More than a decade after Jack Gilbert’s The Great Fires, this highly anticipated new collection shows the continued development of a poet who has remained fierce in his avoidance of the beaten path. In Refusing Heaven, Gilbert writes compellingly about the commingled passion, loneliness, and sometimes surprising happiness of a life spent in luminous understanding of his own blessings and shortcomings: “The days and nights wasted…Long hot afternoons / watching ants while the cicadas railed / in the Chinese elm about the brevity of life.” Time slows…

 

Facts About the Moon: Poems

Dorianne Laux

In her powerful fourth collection, Dorianne Laux once again strikes fire from neighborhood moments: a quiet street at dusk, a pool hall, a bare tree. Focusing on the grace of working people, she captures the pain and beauty of women in all their variety, caught in the “lunar pull” of our time.
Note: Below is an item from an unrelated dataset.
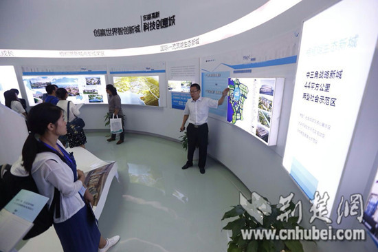 工作人員介紹鄂州梧桐湖新區(qū)發(fā)展情況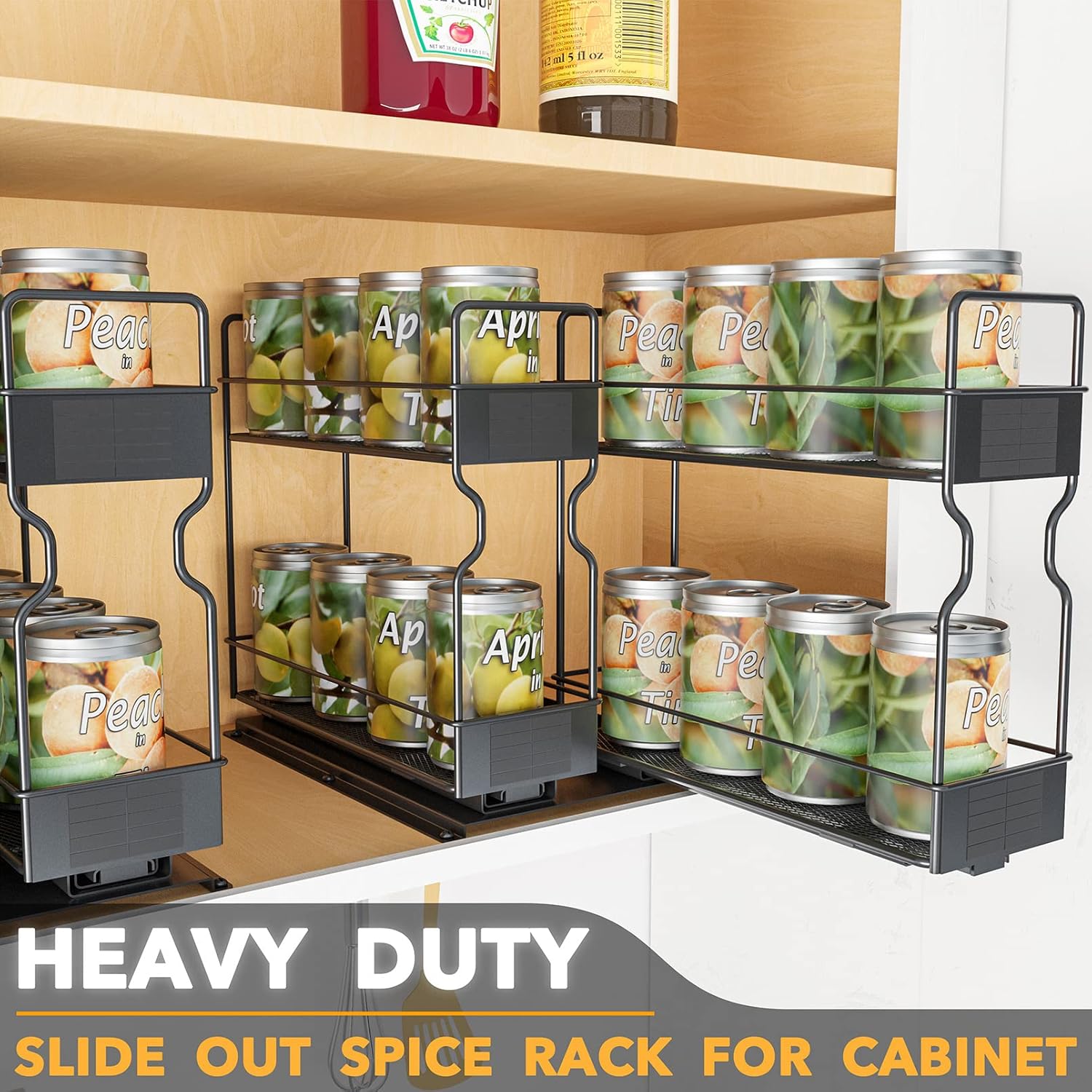 - HEAVY DUTY SPICE RACK FOR CABINET - Ball bearing glides ensure smooth sliding. Full extension glides offer you easy complete access to all spices inside the kitchen upper cabinets. Bottom panel is designed to clear any cabinet lip.

“Laux writes gritty, tough, lyrical poems that depict the actual nature of life in the West today.” —Philip Levine

 

The Incentive of the Maggot: Poems

Ron Slate

In his prize-winning debut collection, Ron Slate seeks out the intersections of art, technology, and humanity with intelligence, wit, and fervor. His unique voice is informed by his world travels as a business executive. As Robert Pinsky writes in his introduction, Slate “brings together the personal and the global in a way that is distinctive, subtle, defying expectations about what is political and what is personal.” In Slate’s words, “Is this the end of the world? / No just the end / of the language that describes it.”